Intra-Industry Lead-Lag Effect

1. Introduction

Hou (2007) documents a really interesting phenomenon in asset markets. Namely, if the largest securities in an industry as measured by market capitalization perform really well in the current week, then the smallest securities in that industry tend to do well in the subsequent $2$ weeks. However, the reverse relationship does not hold. i.e., if the smallest securities in an industry do well in the current week, this tells you next to nothing about how the largest securities in that industry will do in the subsequent weeks. This effect is has a characteristic time scale of $1$ to $2$ weeks, and varies substantially across industries.

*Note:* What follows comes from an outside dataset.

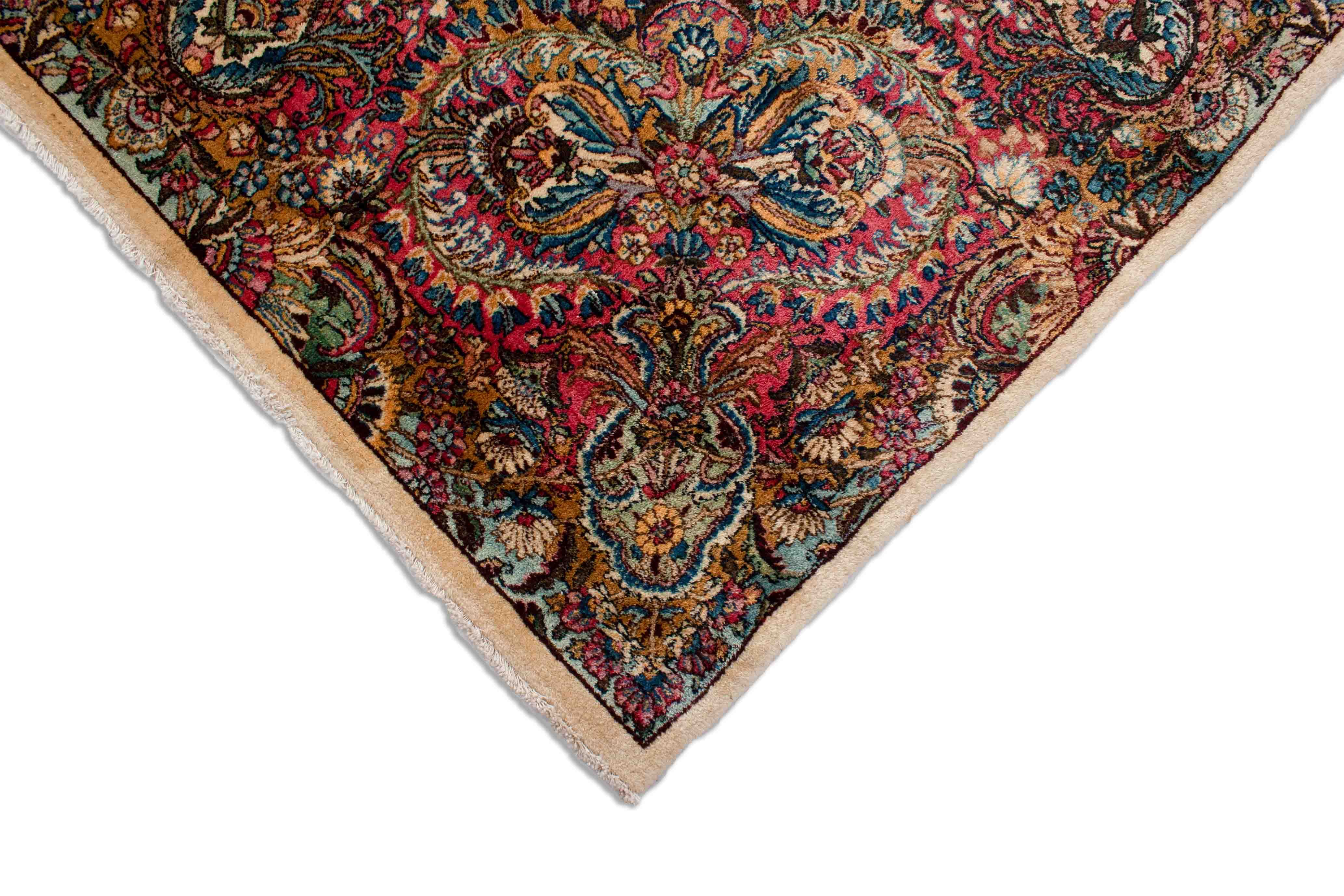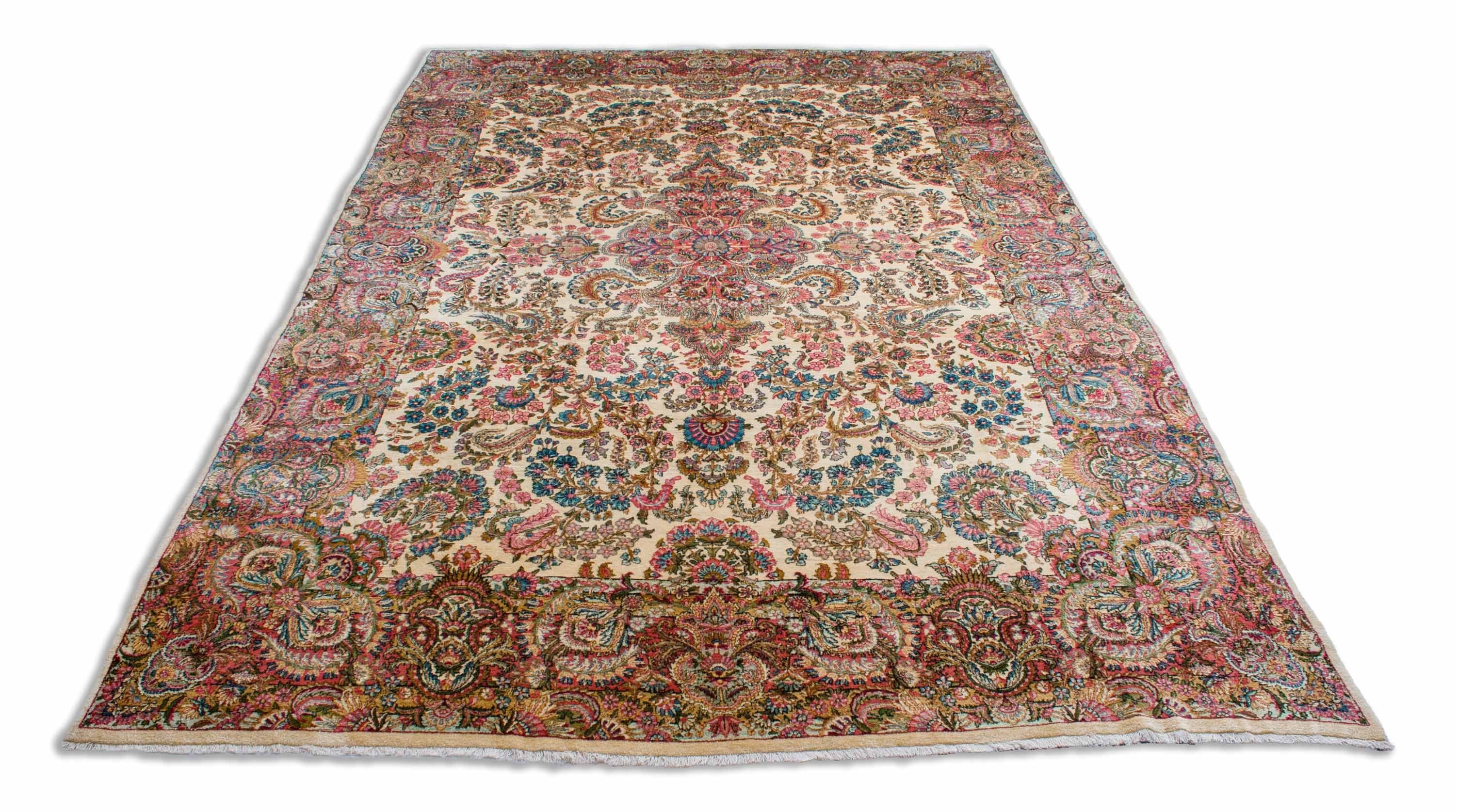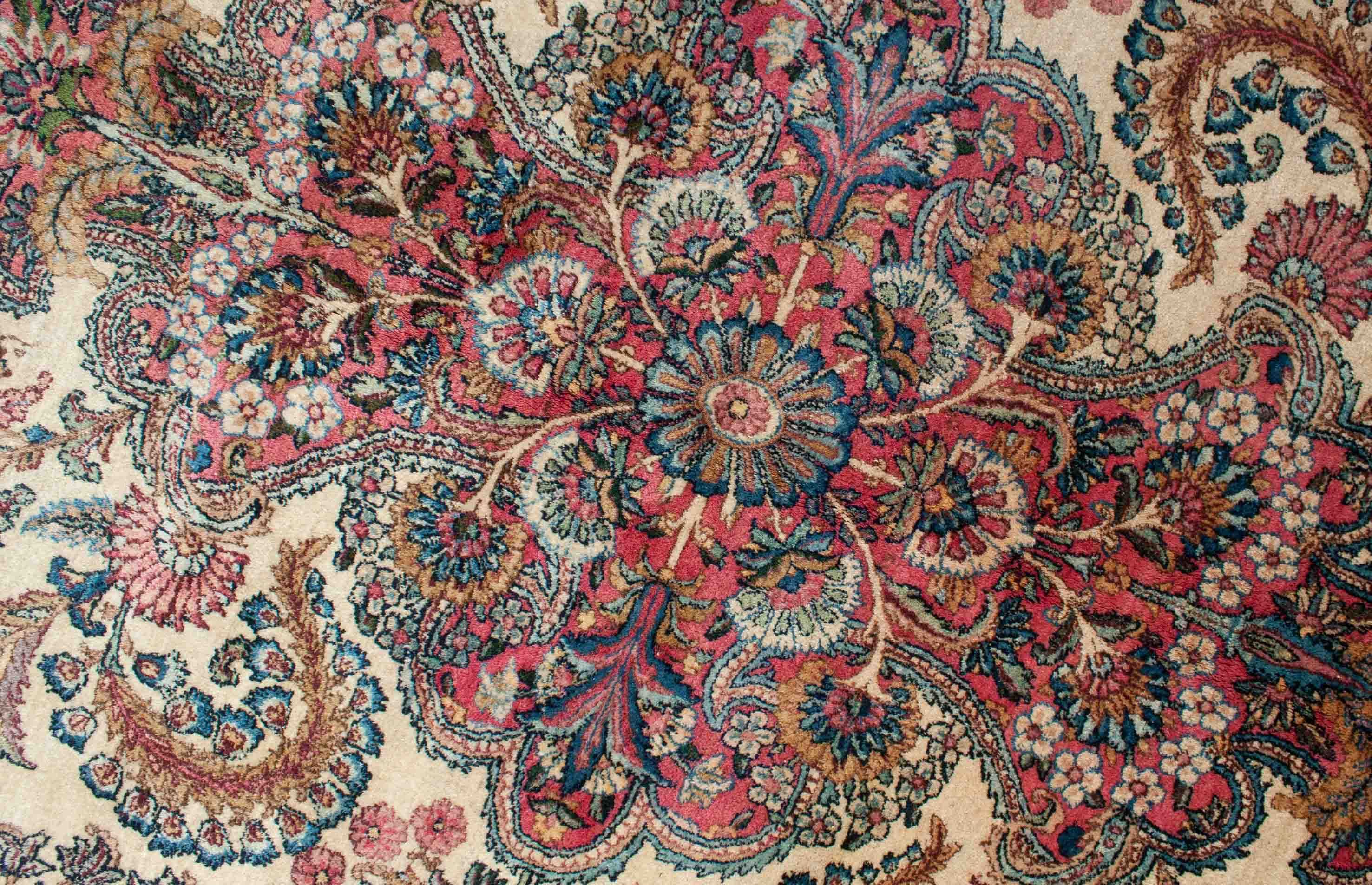 La ville Kerman (également Kirman) est situé dans le sud-est de la Perse à environ 2000 mètres de haut. Kerman est situé sur les anciennes routes caravanes et a une tradition séculaire dans l'art et le commerce. Kerman est mentionné dans le rapport de voyage Il Milione de Marco Polo. Les tapis de Kerman sont caractérisés par des motifs fins, des lignes de vent et des gradations de couleur douce. Les centuries classiques du 19e modèle sont souvent figuratifs. Des scènes de chasse et des animaux ont été présentés ainsi que des figures mythologiques ou des personnes historiques. La large palette de couleurs des tapis Kerman est enrichie en particulier par une variété de teintes rouges qui ont traditionnellement été obtenues de la tortue.

In this post, I replicate the main finding, provide some robustness checks, and then relate the result to the analysis in my paper Feature Selection Risk (2014).

2. Data Description

I use monthly and daily CRSP data from June 1963 to December 2001 to recreate Hou (2007), Table 1. I also replicate the same results using a different industry classification system over the period from January 2000 to December 2013. I look at securities traded on the NYSE, AMEX, and NASDAQ stock exchanges. I restrict the sample to include only securities with share codes $10$ or $11$ . i.e., I exclude things like ADRs, closed-end funds, and REITS. I calculate weekly returns by compounding daily returns between adjacent Wednesdays:

(1) $\begin{align*} \tilde{r}_{n,t} &= (1 + \tilde{r}_{n,\text{W}_{t-1}}) \cdot (1 + \tilde{r}_{n,\text{Th}_{t-1}}) \cdot (1 + \tilde{r}_{n,\text{F}_{t-1}}) \cdot (1 + \tilde{r}_{n,\text{M}_t}) \cdot (1 + \tilde{r}_{n,\text{Tu}_t}) \end{align*}$

I classify firms into industries in $2$ different ways. In order to replicate Hou (2007), Table 1 I use the $12$ industry classification system from Ken French’s website. This classification system is nice in the sense that it uses the SIC codes and can thus be extended back to the 1920s. However, the industry classification system that everyone in the financial industry uses is GICS codes. As a result, I also assign each firm to $1$ of $24$ different GICS industry subgroups.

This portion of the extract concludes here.